--- START ---
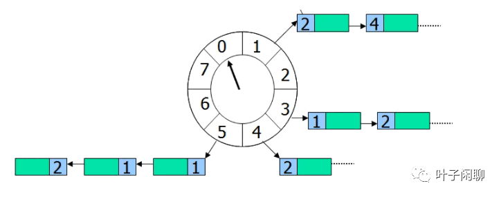 我们加入一个新的超时任务时, 会根据超时的任务的超时时间与时间轮开始时间算出来它应该在的槽位.
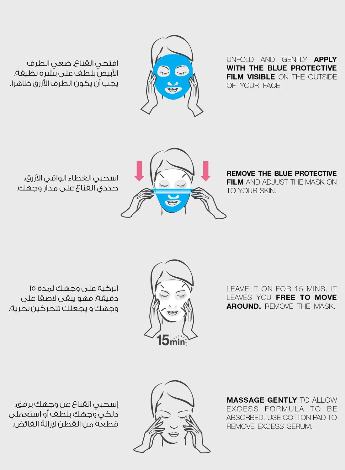 طريقة الاستخدام: افردي القناع. ضعيه برفق على وجه نظيف لتكون الطبقة الزرقاء الواقية على الجهة الخارجية من الوجه.
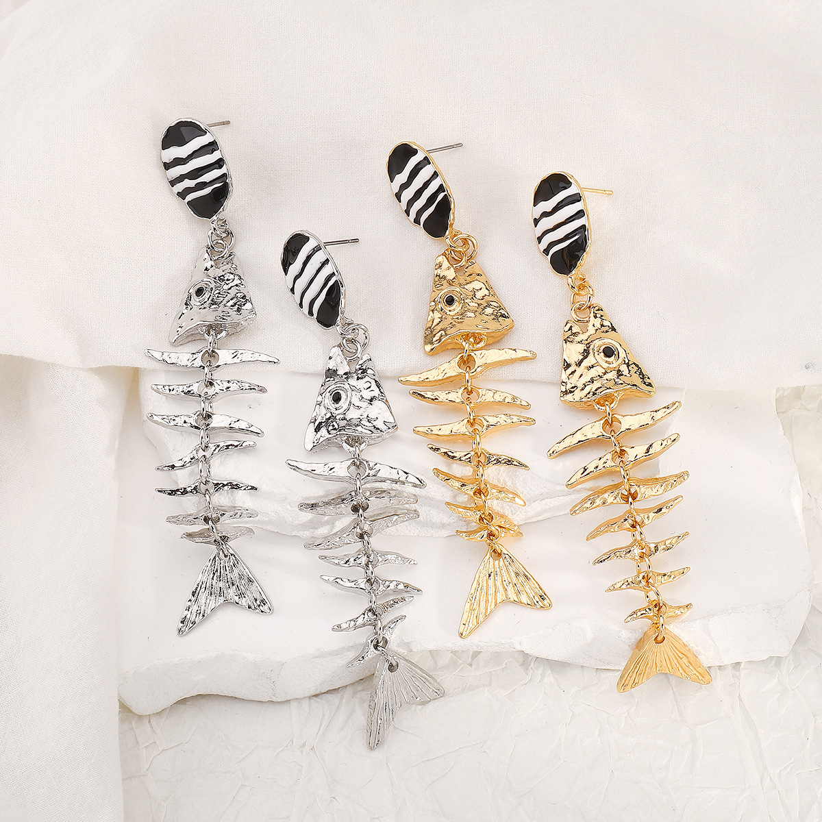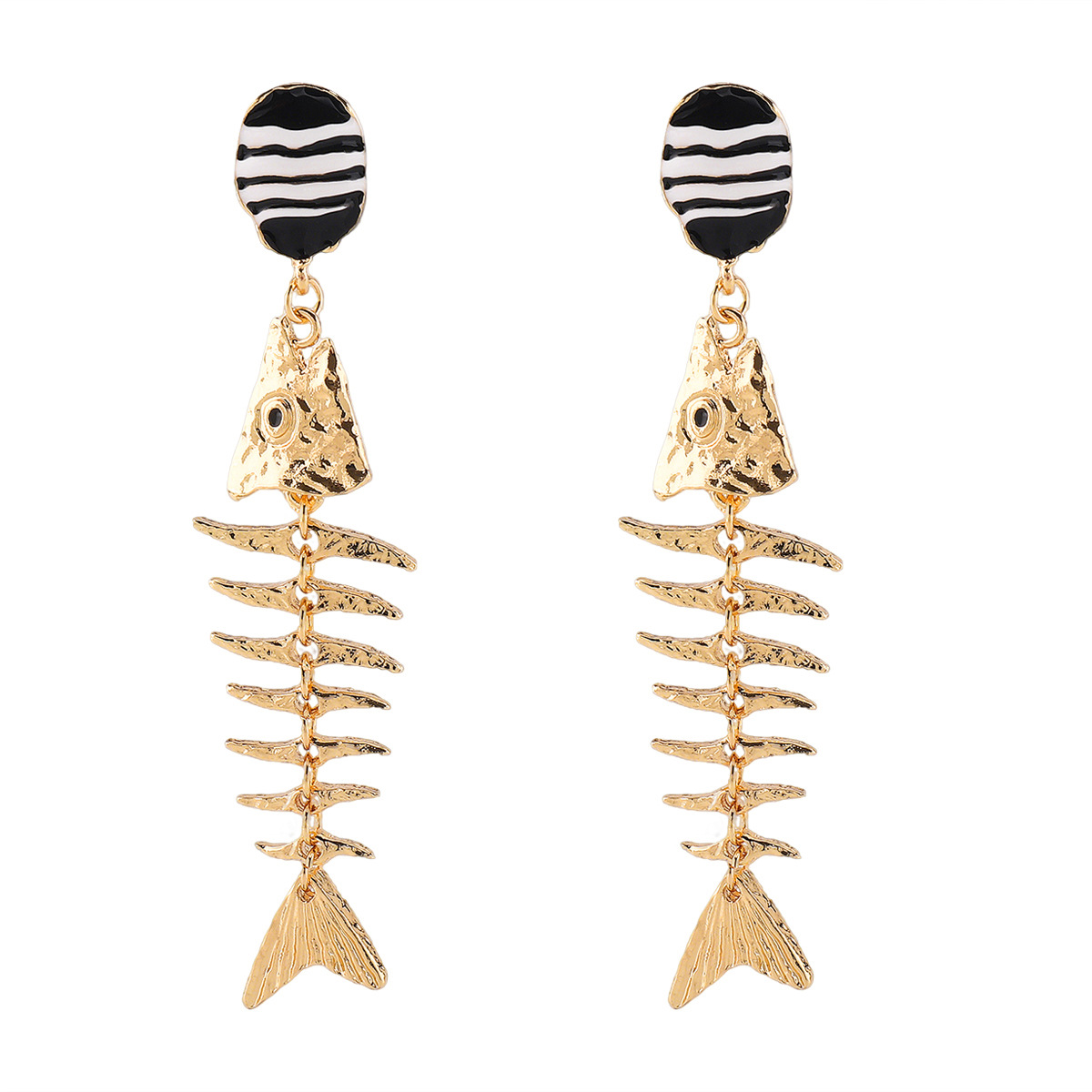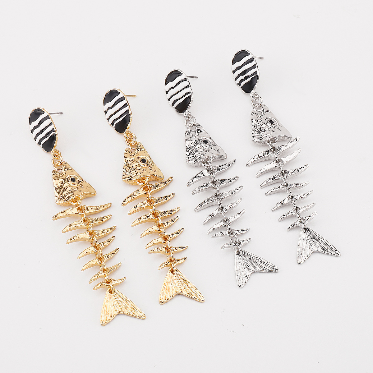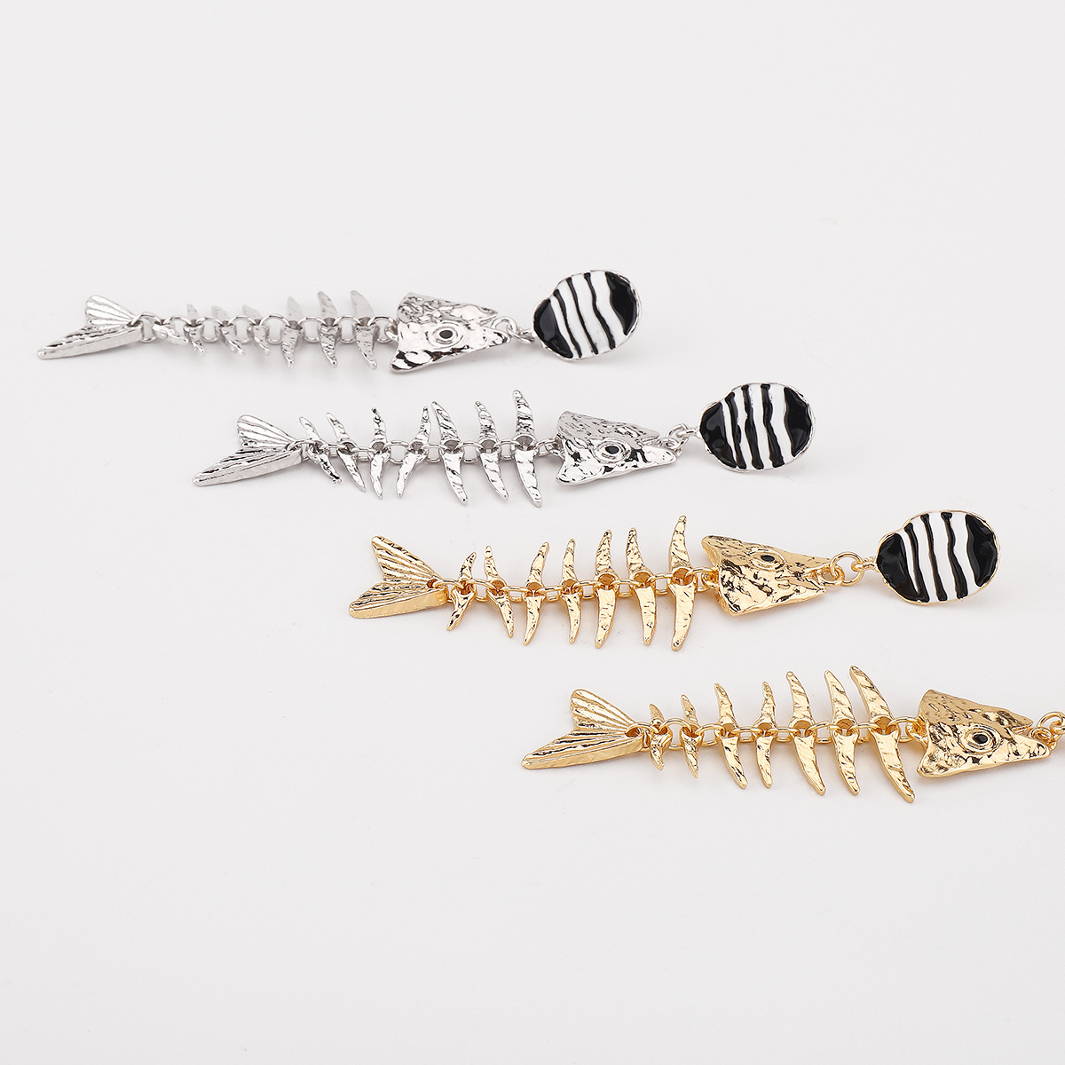 Boucles d'oreilles en alliage de zinc, Squelette de poisson, Placage, pour femme & émail & creux, plus de couleurs à choisir, Vendu par paire
--- END ---
-- Problem --
Return the listing unchanged, but drop every picture.

-- Solution below --
 我们加入一个新的超时任务时, 会根据超时的任务的超时时间与时间轮开始时间算出来它应该在的槽位.
 طريقة الاستخدام: افردي القناع. ضعيه برفق على وجه نظيف لتكون الطبقة الزرقاء الواقية على الجهة الخارجية من الوجه.
 Boucles d'oreilles en alliage de zinc, Squelette de poisson, Placage, pour femme & émail & creux, plus de couleurs à choisir, Vendu par paire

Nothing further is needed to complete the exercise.